Somalia a disaster waiting to happen
US Secretary of State Hillary Clinton’s seven-nation trip to Africa was partly meant to send a message that the continent still ranks high in American foreign policy agenda.
It follows President Barack Obama’s recent visit to Ghana.
Ours is a country reeling from the post-election violence whose instigators and perpetrators remain at large.
Barely a month ago, Kenya was ranked East Africa’s most corrupt nation by Transparency International.
Almost seven years after former President Moi left office, Kenyans remain angry at the political class, and they frown at the direction the country is taking, with new corruption, nepotism and tribal hatred becoming worse.
Even so, what was hot on Secretary Clinton’s agenda is the deteriorating security at the Horn (of Africa).
This week, the BBC carried reports about Australian police foiling a suicide attack that would have been debilitating.
Among those arrested were young Australian citizens of Lebanese and Somali descent with links to the Islamist radicals, Al-Shabaab.
This confirms our fears of a growing role of the hard line Islamists, who in barely a year, have expanded the ground they control in Somalia by marketing themselves as a viable alternative to the Transitional Federal Government (TFG), attracting fighters from Europe, South Asia and, according to recent reports, some states in US itself.
The TFG holds on to tenuous power only due to the 4,300-strong AU peacekeeping mission, and unless something is done, it is only a matter of time before Al-Shabaab overthrows it and starts running the show in Somalia.
Instability at the Horn goes back a long way – from when Italians and Britons divided the country.
Even during dictator Siad Barre’s reign, he was considered to be a mere ‘‘mayor’’ of Mogadishu; he could not control the whole of Somalia.

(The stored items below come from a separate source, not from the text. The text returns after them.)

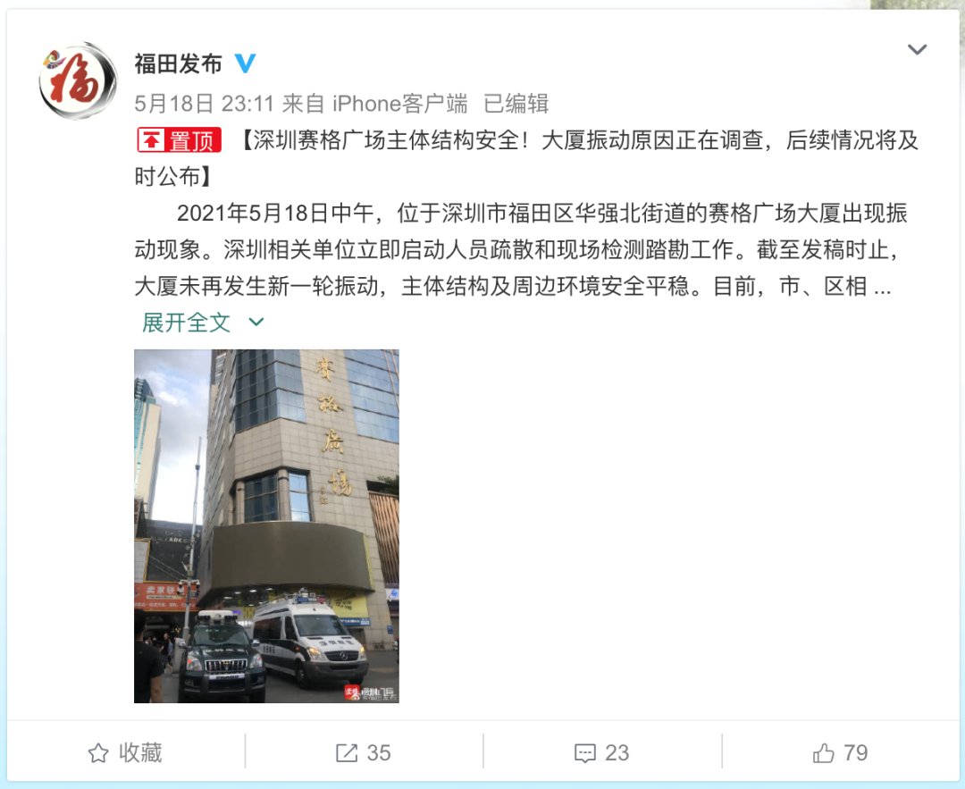 2021年5月18日中午,位于深圳市福田区华强北街道的赛格广场大厦出现振动现象。深圳相关单位立即启动人员疏散和现场检测踏勘工作。截至发稿时止,大厦未再发生新一轮振动,主体结构及周边环境安全平稳。目前,市、区相关部门正联合展开调查,后续情况将及时向社会公布。
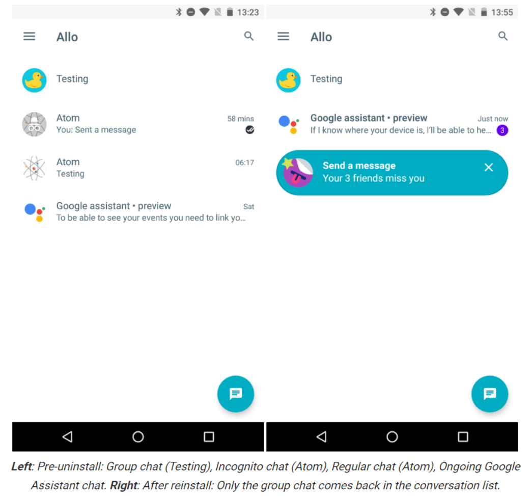 Das einzige was erhalten bleibt, sind die über Allo empfangenen Bilddateien. Allerdings sind auch diese nicht mehr an eine bestimmte Konversation gebunden, da ja alle Chatverläufe verschwunden sind. Außerdem bleibt die Zugehörigkeit zu einem Gruppenchat erhalten, man fliegt aus diesen also nicht komplett heraus.
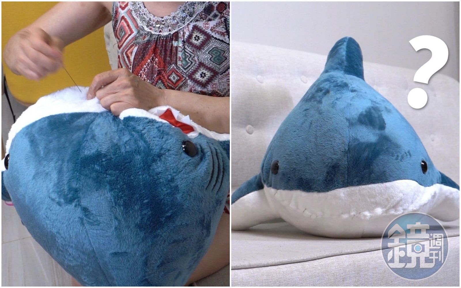 有名網友在臉書社團「爆廢公社公開版」po文,曬出一張愛貓窩在鯊魚睡袋的可愛照片,結果還附上2張鯊魚被縫嘴巴的照片,原po補充表示,因為愛貓鑽進去玩的時候,被阿嬤看到了,結果隔天阿嬤就把鯊魚的嘴縫起來了。
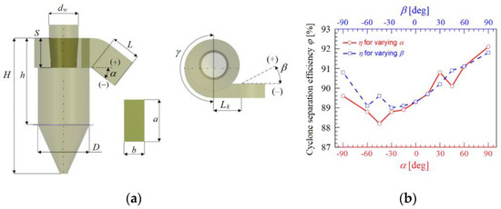 Effect of changing the angle of the cyclone inlet channel: (a) cyclone inlet channel angle in vertical plane α and horizontal plane β; (b) effect of angles α and β on filtration efficiency. Figure made by the author based on data from the paper [69].
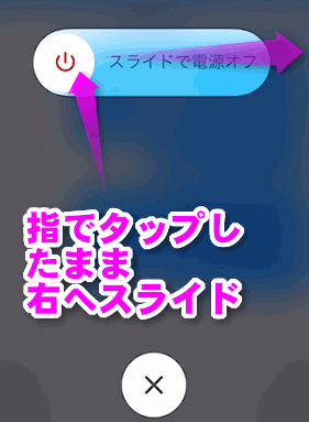 このような画面になるので、赤い丸じるしを指で右へなぞるだけ。
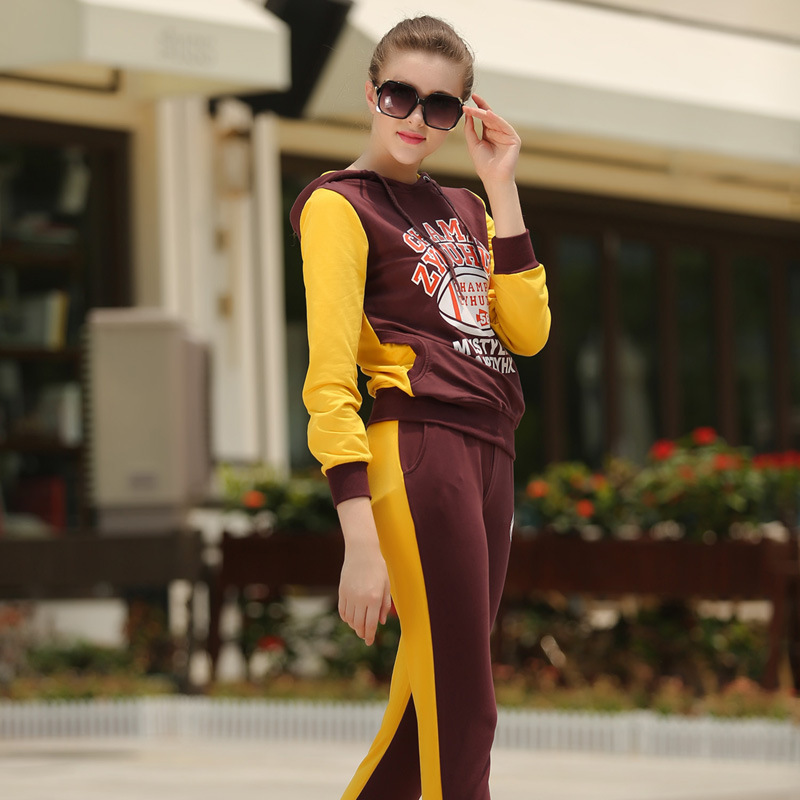 實(shí)拍歐美大牌純棉運(yùn)動套裝印花拼接連帽上衣長褲兩件套女裝批發(fā) /

Eritrea, Ethiopia and Djibouti still have territorial disputes and continue to sponsor conflicts against one another. These regional forces have continued to export their proxy conflicts to Somalia.
Closer home, North-Eastern Province tried to secede in the 1960s and join Somalia and the Shifta war that followed saw monstrous human rights violations against ethnic Somalis by our army.
Since then, successive governments have neglected the region in matters of development, which has made the area volatile with militias moving freely between Kenya and Ethiopia, Sudan, Eritrea and Somalia.
Thus, refugees have been fleeing the conflict and hunger in Somalia. In the refugee camp of Dadaab, almost a quarter of a million souls live in crowded and desperate conditions, without water, medicare and sanitation.
Every month, even with Kenya closing the border, 6,000 refugees arrive from Somalia. Because young people among the refugees live in such desperate conditions, they become easy prey to terrorists, who have been known to lure them to serve as fighters.
But what worries us more is the weakness of our security apparatus to confront territorial abuses by Al-Shabaab. An insecure Somalia is a danger to everyone, and we must all act in concert to help the country get a stable government.
Mr Nyawachi is a Fellow at the Institute of African Progress.